Dear Abby: I’ve been dating my boyfriend for a few months now, and on the surface everything between us feels solid , we get along, we communicate well, and there’s real chemistry. But there’s a situation involving a mutual friend that’s starting to make me uneasy in a way I can’t ignore.

This friend is married and currently going through marriage counseling with her husband. Here’s where it gets messy: before my boyfriend and I got together, she had shown clear interest in him. Now, she still texts him,  often , and has gone out of her way to tell him not to show me what she’s saying. That alone feels like a giant red flag to me.

Some of the messages come late at night, and while he insists they’re mostly about her marital problems, I can’t shake the feeling that there’s something more emotional — or even flirtatious,  slipping in. Why the secrecy if everything is innocent? It makes me feel like I’m being kept in the dark on purpose.

My boyfriend says he’s just trying to be there for her because they’ve been friends for a couple of years, and he feels bad that she’s struggling. He doesn’t want to abandon her during a rough time, especially when her marriage seems shaky.
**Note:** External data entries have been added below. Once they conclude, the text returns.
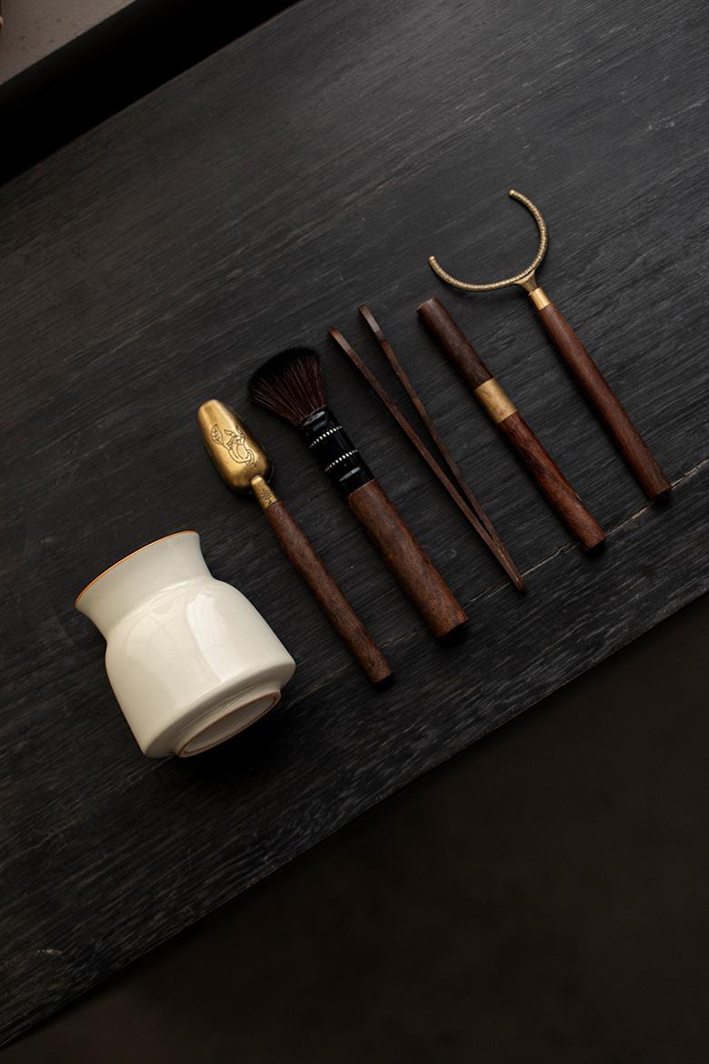Beige-ru kiln-the six gentlemen of the tea ceremony, Beige-ru kiln-tea ceremony tube, Five-piece tea ceremony accessories set
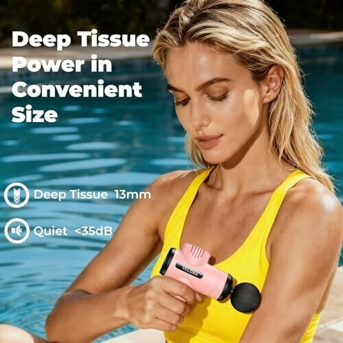 - Compact, powerful mini massage gun designed for deep tissue relief with a focused, high-frequency percussion.
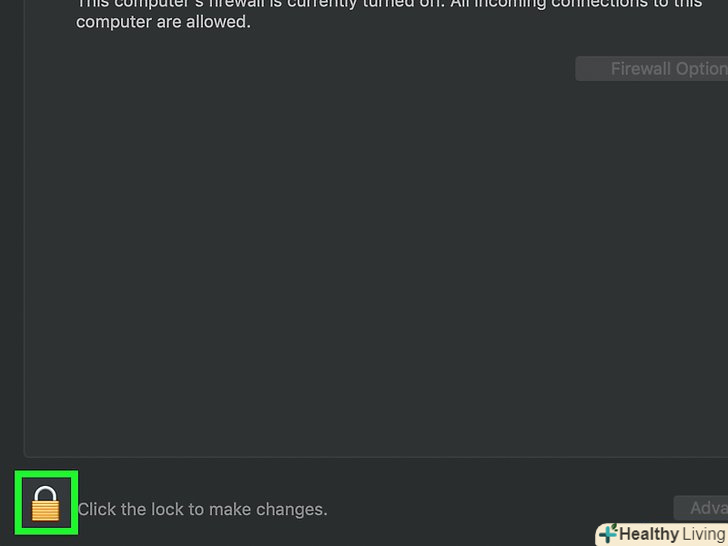 Розблокуйте налаштування брандмауера.клацніть по значку у вигляді замка, введіть пароль адміністратора і натисніть "розблокувати".
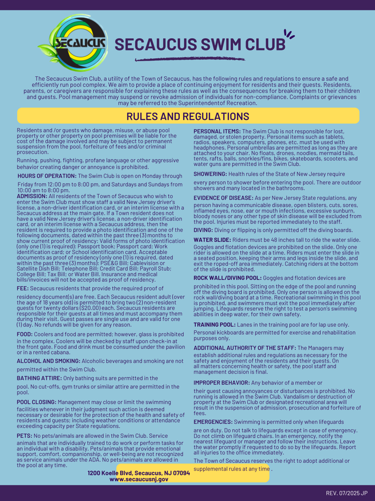 - Alcoholic beverages are not permitted within the Secaucus Swim Club. This includes the Secaucus Recreation Center parking lot.
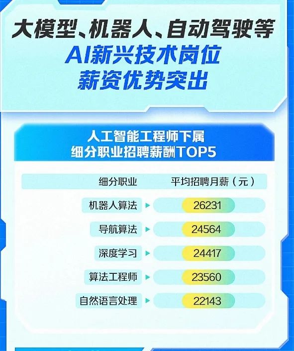 機器人、大模型、自動(dòng)駕駛等新興領(lǐng)域的技術(shù)崗位薪資更高。機器人算法工程師的平均招聘月薪最高,達到26231元,緊隨其后的是導航算法和深度學(xué)習工程師,分別為24564元和24417元。
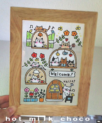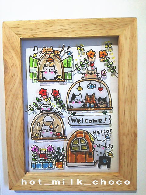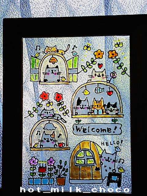 ★NO.L108★ステンドグラス風・2Lサイズ・猫・猫の家・キャットハウス・保護猫・猫カフェ・花・ハンドメイド・雑貨・飾り・イラスト・絵
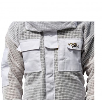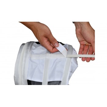 Système de maillage triple couche avec une couche de filet, une couche maillage mousse et une dernière également en filet. Ce système assure une grande ventilation mais également une sécurité maximum car l'épaisseur des 3 couches évite aux dards de passer.

But from where I’m standing, it feels less like friendly support and more like he’s being pulled into something inappropriate — maybe even becoming her emotional backup plan.

I’ve told him that asking for secrecy is not normal and suggests she may be trying to build a private connection with him that crosses boundaries. He says I’m overthinking it, but my gut is telling me otherwise.

Am I being paranoid, or is this as concerning as it feels?